Given material:
----------------

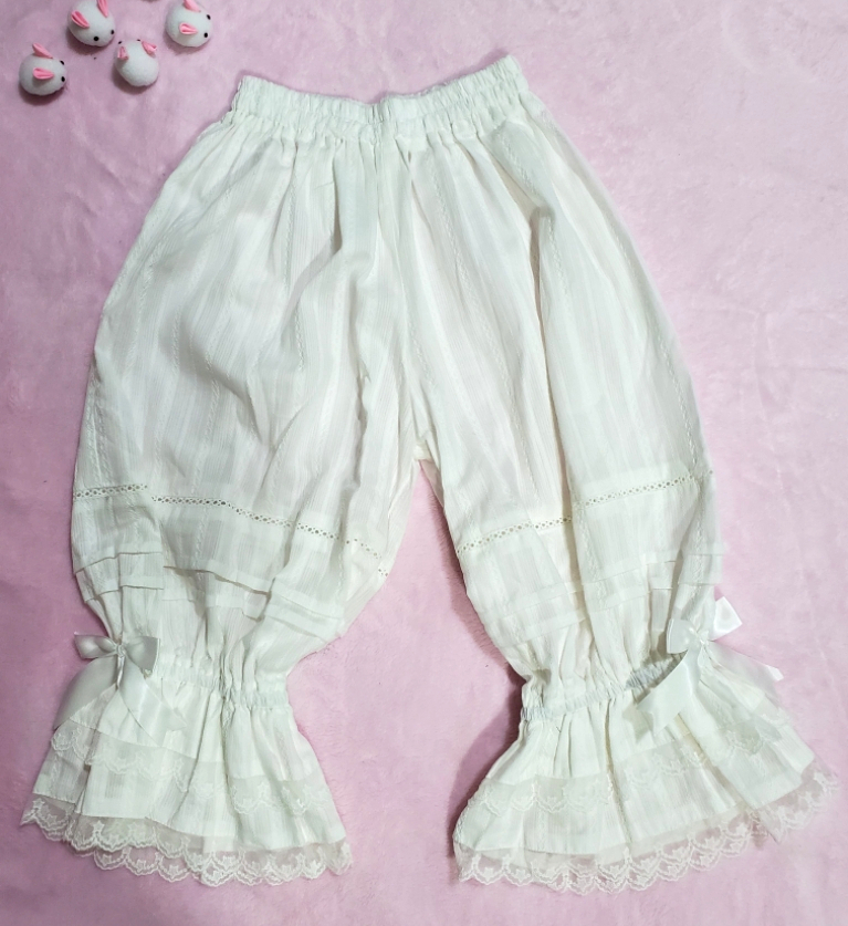 - ロリータ かぼちゃパンツ ドロワーズ 薄手 春秋 ロリィタ ペチパン 選べる4カラー レース リボン レギンス コーデ ゴスロリ ロマンチック
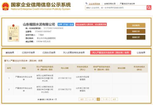 以山東榴園水泥有限公司為例,企業(yè)在2018年7月27日被山東省工商行政管理局列入嚴(yán)重違法失信企業(yè)名單,列入原因?yàn)楸涣腥虢?jīng)營異常名錄屆滿3年仍未履行相關(guān)義務(wù)。2019年7月11日再次被山東省市場監(jiān)督管理局列入嚴(yán)重違法失信企業(yè)名單,列入原因仍為被列入經(jīng)營異常名錄屆滿3年仍未履行相關(guān)義務(wù)。
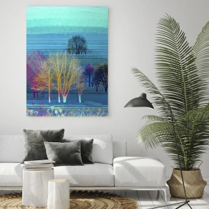 Tablou de perete - Peisaj periat - Peisaj colorat cu copaci pe un fundal albastru
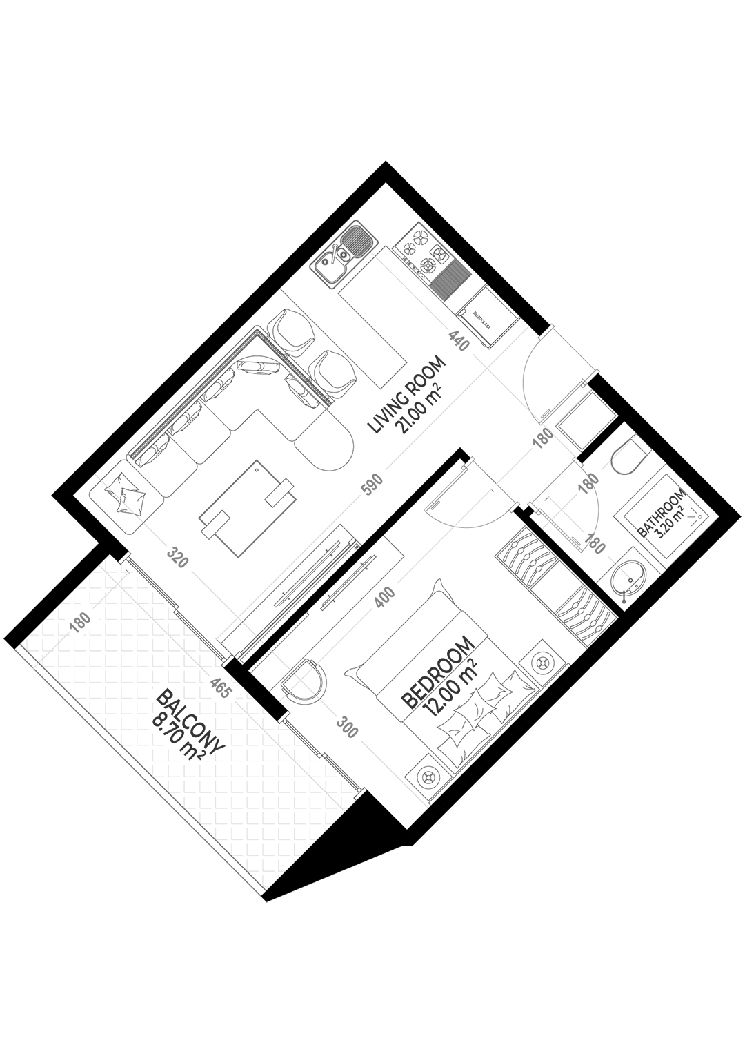Yekta Sunrise Residence 1+1 boligplan Nr 8 55 kvm

----------------

Assignment: Please copy, exactly and only, the lines of the listing that run from the one holding "Tablou de perete" through its last line, and exclude pictures.

Solved exercise:
 Tablou de perete - Peisaj periat - Peisaj colorat cu copaci pe un fundal albastru
Yekta Sunrise Residence 1+1 boligplan Nr 8 55 kvm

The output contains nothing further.